Those familiar with the ongoing exploits of Bilbo the Hobbit know that he has set off on a journey to the lonely mountain. However once he reaches there he will want to return. We all do something similar in our daily lives when we journey to a place and return home, and often the route planned by sat nav if driving. But have you ever found that the route home is different from the route there?
Huge growth in satellite navigation
It was the US military that developed GPS in the 1970s and, since then, satellite-based positioning navigation and timing (PNT) have become crucial to all kinds of civilian infrastructure systems. Apart from car sat navs everything from aviation, financial-securities clearing, mining and electricity distribution to mobile telecoms, road tolling and weather forecasting also rely on GPS. It is hard to imagine how delivery vehicles and taxis found their way around before sat navs, although drivers of London black cabs still only use their Knowledge.
The total annual turnover of the global satellite navigation industry has grown from a couple of billion euros in 1995 to over 150 billion euros in 2013 and this growth is continuing as the figure below illustrates.
Between 2004 and 2010 the number of sat navs in cars in the UK grew by 7.5 million and an increasing number of people use their smartphone as navigator.
Secrets behind the route calculation
But how does the route calculation actually work? Naturally the sat nav manufacturers don’t want to reveal this as the algorithm is the heart of their business. But business analysts have a tendency to figure out things so you are in good company reading this blog as we will reveal it!
First let’s look at an example of getting different routes when travelling between the same endpoints but in opposite direction. We use the RAC Route Planner to plan the fastest route between Hunton Bridge in Hertfordshire and Leighton Buzzard in Bedfordshire. As you see below, going there the distance is 20.07 miles and takes 40 minutes while coming back the distance is 24.72 miles and takes 38 minutes and the route is different!
So how can that happen? Let’s look at the calculation process more closely. First, the navigator starts the calculation process by using satellite signals and also other signals such as mobile phone towers to define the positioning of the device and the destination. Until the year 2000 the accuracy of civilian navigators was downgraded by US military to about 100m but nowadays the accuracy is within just a couple of metres. The navigator then calculates the route by using a vector map where each straight part of a road is a vector that has information, such as road name and number and what kind of road it is, attached to it. With the vectors the route calculation becomes a travelling salesman problem where a “city” is a start and end point of each vector. So the task is to define the optimum route from point A to point B visiting all the start and end points of the vectors that make up the road between the points. Relating this to the route example above, let’s assume that all the vectors of the roads between Leighton Buzzard and Hunton Bridge are drawn in the picture below:
With a large number of different possible routes the travelling salesman problem is very hard to solve and would require a long computing time and a lot of memory. Thus the route calculation uses a heuristic or approximation approach where a good enough solution is found in a reasonable time instead of an absolute optimal solution that takes much longer to find. And with the amount of data available ( big data!) and different variables like traffic information, weather and even the emotions of the driver that people are expecting to be incorporated into solutions, the reality is that often the quality of the solution has to be compromised.

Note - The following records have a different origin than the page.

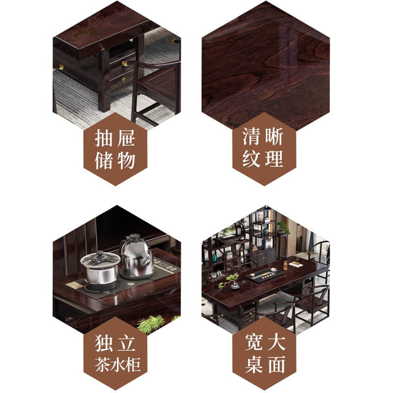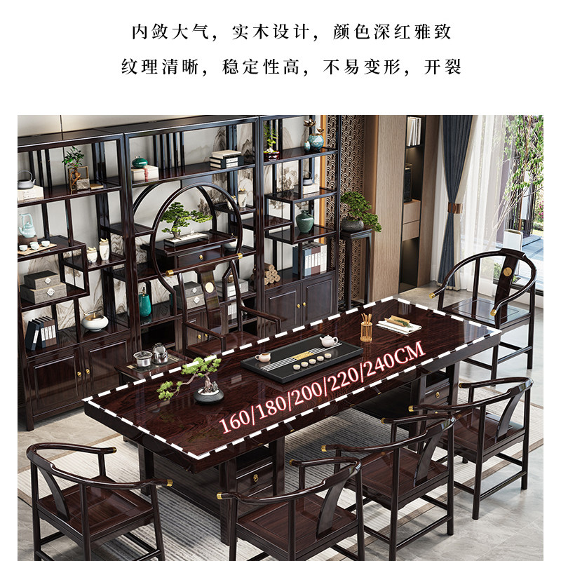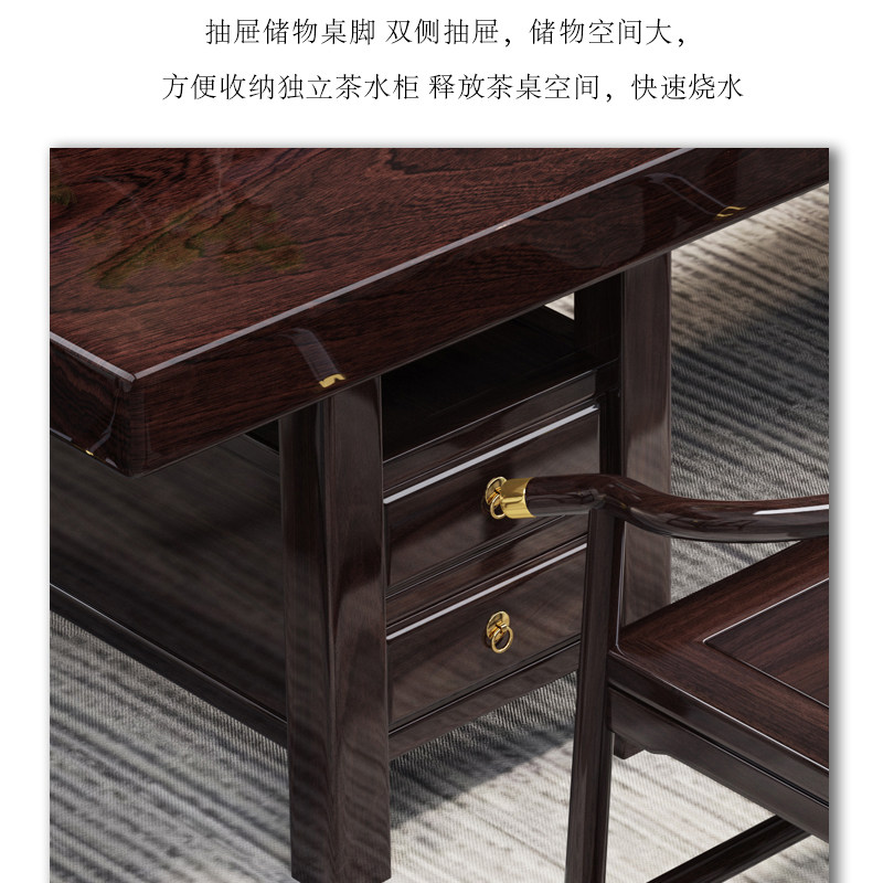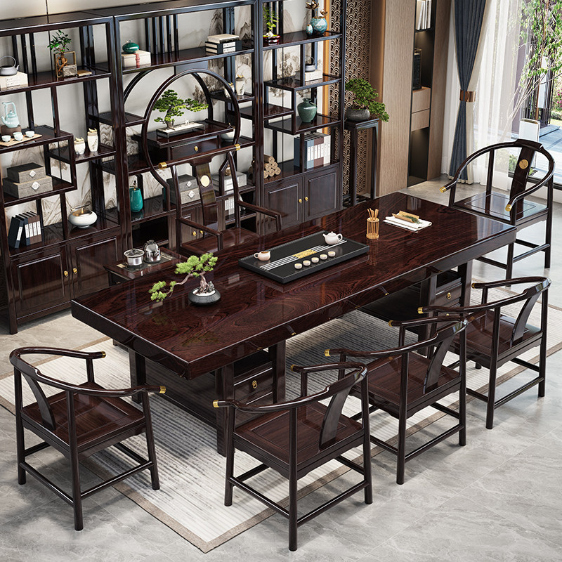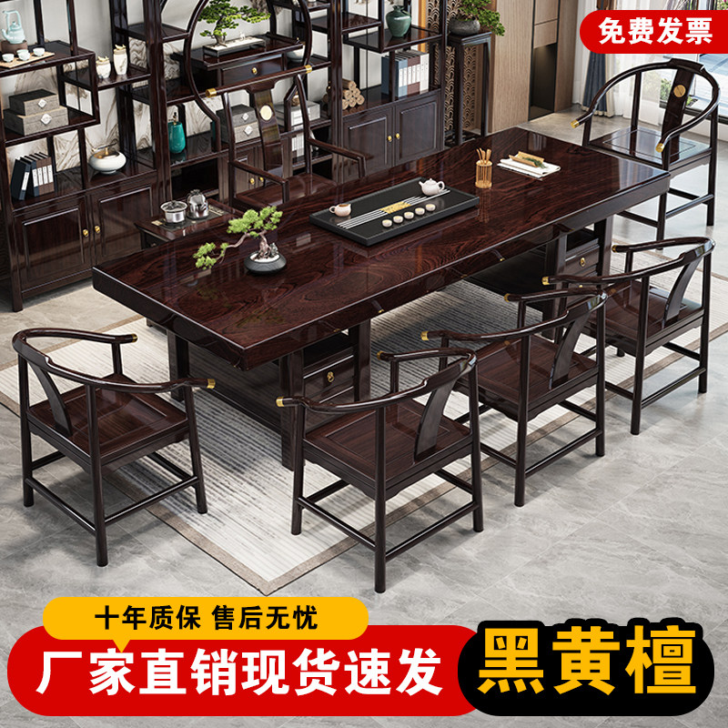 📚 黑黄檀实木大板茶桌椅组合新中式办公室茶台高端家用茶几套装一体
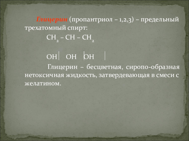 Слайд 15 Глицерин (пропантриол – 1,2,3) – предельный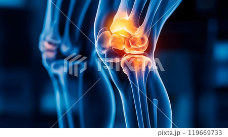 AI-generated content. Pain concept - athlete suffering from knee pain, pain is visualized with glowing bones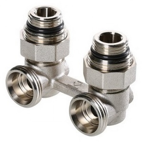 Особенность узла – угловое расположение относительно друг друга патрубков присоединения к отопительному прибору и трубной разводке. Это, в частности, упрощает так называемое тыльное подключение отопительного прибора – при скрытых в стене подводящих трубах.
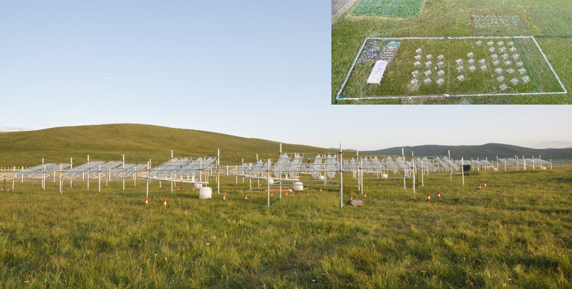 中国科学院西北高原生物研究所“高寒生态系统与全球变化”学科组与北京大学城市与环境学院等单位合作,于2011年在青海海北高寒草地生态系统国家野外科学观测研究站(海北站),建立了大型的“增温-降水改变”控制实验(图1)。通过野外实验,结合海北站连续32年的地面监测、以及青藏高原9个站点实验研究的Meta分析,探讨了气候变化对高寒草地植物群落结构和生产力的影响。论文 Shifting plant species composition in response to climate change stabilizes grassland primary production 于2018年4月17日在线发表在《美国国家科学院院刊》上。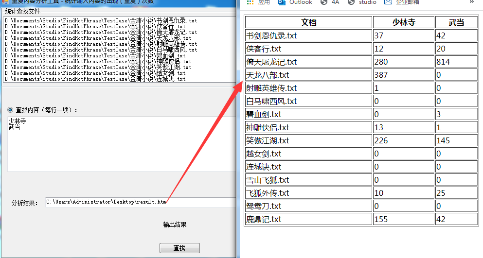 在此功能界面,输入重复词进行统计,结果会展示在哪些文件中出现(重复)多少次:
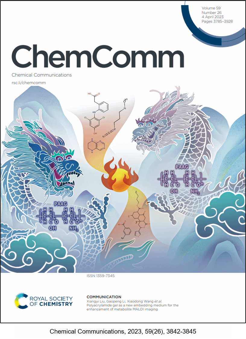 (质谱成像与代谢组学国家民委重点实验室)王晓东教授团队通过系统研究发现聚丙烯酰胺凝胶(Polyacrylamide gel,PAAG)作为一种新型包埋剂可显著提高MALDI-MSI前处理流程中生物组织样本中切片的质量,并增强小分子代谢物和脂质的原位检测及成像表征性能。这是在MALDI源质谱成像新方法开发领域取得的又一项重要进展,相关研究成果以“Polyacrylamide gel as a new embedding medium for the enhancement of metabolite MALDI imaging”为题,发表在分析化学综合权威期刊《Chemical Communications》(Nature Index收录)上,该研究论文同时被遴选为期刊封面文章(Front Cover)。这是王晓东教授团队继在分析化学顶级期刊《Analytical Chemistry》(2021, 93(35), 11920-11928, Front Cover)、《Chemical Communications》(2021, 57(82), 10707-10710, Back Cover)、《Chemical Communications》(2022, 58(5), 633-636, Front Cover)连续三次发表封面文章后,第四次入选期刊封面文章(Front Cover),91视频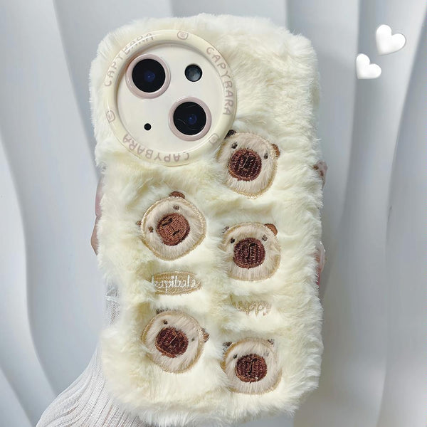 For iPhone 15 Plus Bear Plush Silicone Phone Case(Beige)
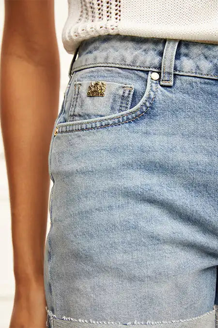 Designed with a vintage style and flattering fit, our first-ever denim shorts have been created from a comfortable stretch denim. Designed with a high rise waist and 5 pockets, the raw edge hemline makes for a classic and laid back style. Detailed with our iconic hardware.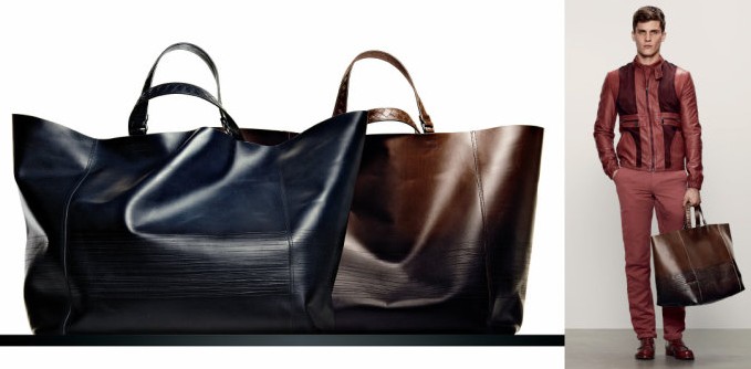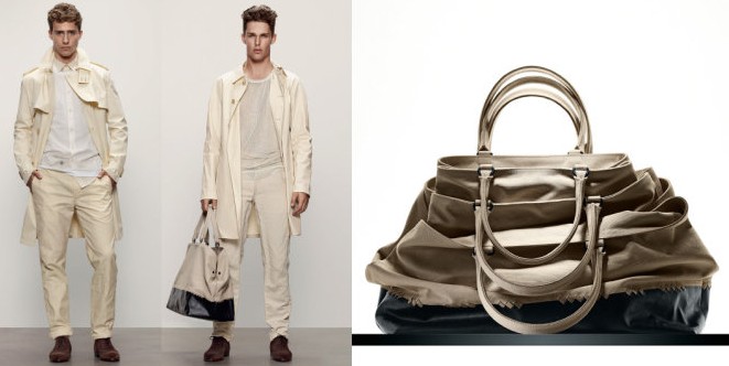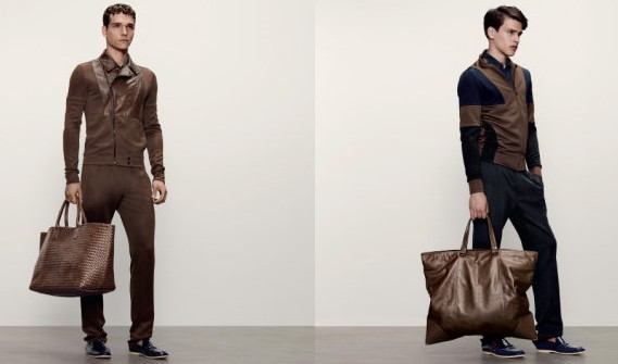 宝缇嘉(Bottega Veneta)2013春夏男士服饰为男士提供各种配搭包包的服装造型,新季的男士包款偏向大容量设计,配上机车风斜拉链皮衣,男士们可以马上骑上机车拉风去了;而披上一件及膝风衣内里穿上同色系的西服套装,再手挽大容量包包,一副潇洒贵公子形象自由而生。本季宝缇嘉就是要告诉您配搭包包的N种可能。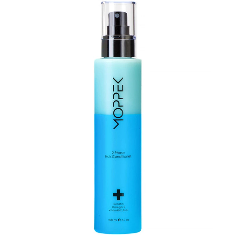 سرم دو فاز کراتینه «موپک» (Moppek) جهت نرمکنندگی و ایجاد سهولت در شانه زنی و گره باز کنی موها بعد از استحمام مورد استفاده قرار می گیرد. این سرم دو فاز باعث حفظ رطوبت و طراوت مو پس ازشستشو می شود. کراتین موجود در سرم آبی رنگ موپک در ترمیم موهای آسیب دیده و بازسازی ساقه موثر می باشد.عصارهای طبیعی به کار رفته در سرم دو فاز کراتینه موپک سرشار از آنتی اکسیدان ها و امگا9 می باشند که همگی باعث تقویت ساقه مو و بدنه مو می شوند. سرم دو فاز موپک در دو رنگ صورتی و آبی با دو رایحه متفاوت عرضه می گردد که سرم صورتی برای موهای خشک و سرم آبی برای موهای چرب مناسب می باشند. برای مصرف این سرم ابتدا محتوی بطری را تکان داده تا 2 فاز آن به خوبی ترکیب شود سپس آن را بر روی ساقه موهای خود اسپری نمایید. توجه داشته باشید پس از استفاده از این سرم نیازی به آب کشی مو نمی باشد. این سرم هم برای موهای مرطوب و هم موهای خشک قابل استفاده می باشد. لابراتوار موپک با هدف تولید محصولاتی با کیفیت، کارا و متناسب با نیاز مصرف کننده تأسیس گردید و شروع به تولید انواع محصولات تخصصی مراقبت از مو شامل انواع سرم های مو، ماسک مو، محلول ضد ریزش و شامپوهای تخصصی میپردازد.

In the case of calculating the route from Hunton Bridge to Leighton Buzzard the solution is a local optimum which is close enough to the global optimum so that the algorithm stopped there. To help the algorithm get over the local optimum we added a midpoint, Wing Road, via which the route must go. As you can see below now the travel only takes 37 minutes:
Don’t trust your sat nav blindly
The point here is that even with clever calculation and optimisation techniques, the devices should not be trusted blindly, local knowledge is still very helpful and sometimes you know better than the device! Don’t switch off your logic when using sat nav! And if you are following in Bilbo’s footsteps to go mountain climbing and see a nice place for a break that you want to return to on the way back, make sure you either remember the route or tell your navigator to return via this place because otherwise it may take you back via another route!